= Edward Joseph Kylie =

Canadian historian and Army officer

Edward Joseph Kylie (19 September 1880 – 14 May 1916) was a Canadian historian and Army officer.

== Biography ==
Born in Lindsay, Ontario, Kylie was the only son of Richard Kylie, a blacksmith. He was educated at home, then at a school run by the Sisters of Loreto, at Lindsay Collegiate Institute, and at University College, University of Toronto. A protégé of George MacKinnon Wrong, head of the Department of History at the University of Toronto, Kylie then proceeded to Balliol College, Oxford, where he took first-class honours in modern history in 1904.

Returning to Canada, Kylie was appointed to the Department of History at the University of Toronto in 1904 at Wrong's instigation, being promoted to associate professor in 1912. His scholarly work focused on medieval English history and 19th century Canadian history. In parallel, Kylie took an increasingly prominent part in public debates. A committed imperialist, he joined the Round Table movement, becoming the secretary of the Canadian branch.

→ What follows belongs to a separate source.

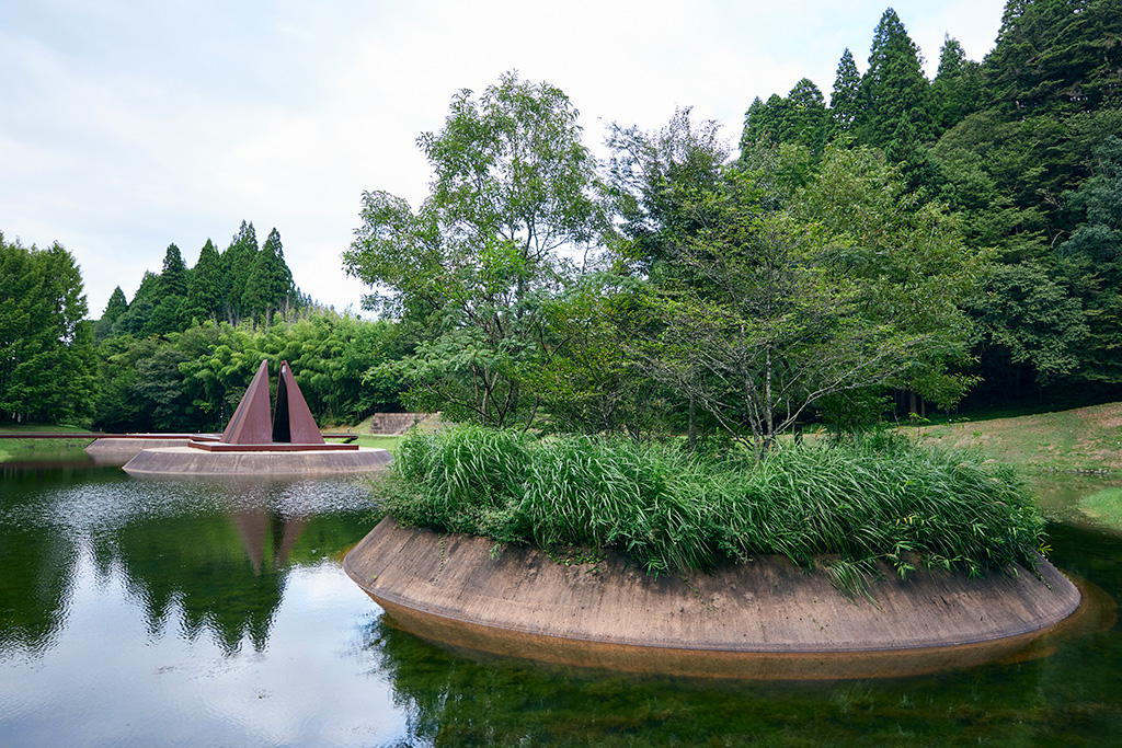 こちらはテントや家などの“保護された空間”をイメージした「ピラミッドの島」。モニュメントの素材はコールテン鋼といわれる鉄材を使用しています。表面は赤茶色に錆びていますが、それ以上は内側に進行しないため、耐久性は半永久的となります。

At the outbreak of the First World War, Kylie took an enthusiastic part in war work at the University of Toronto, before joining the 147th (Grey) Battalion, CEF, commanded by his friend George Franklin McFarland, as adjutant, with the rank of captain. After being inoculated for typhoid in May 1916, he developed pleurisy and lung congestion and died the same month, despite efforts to save him.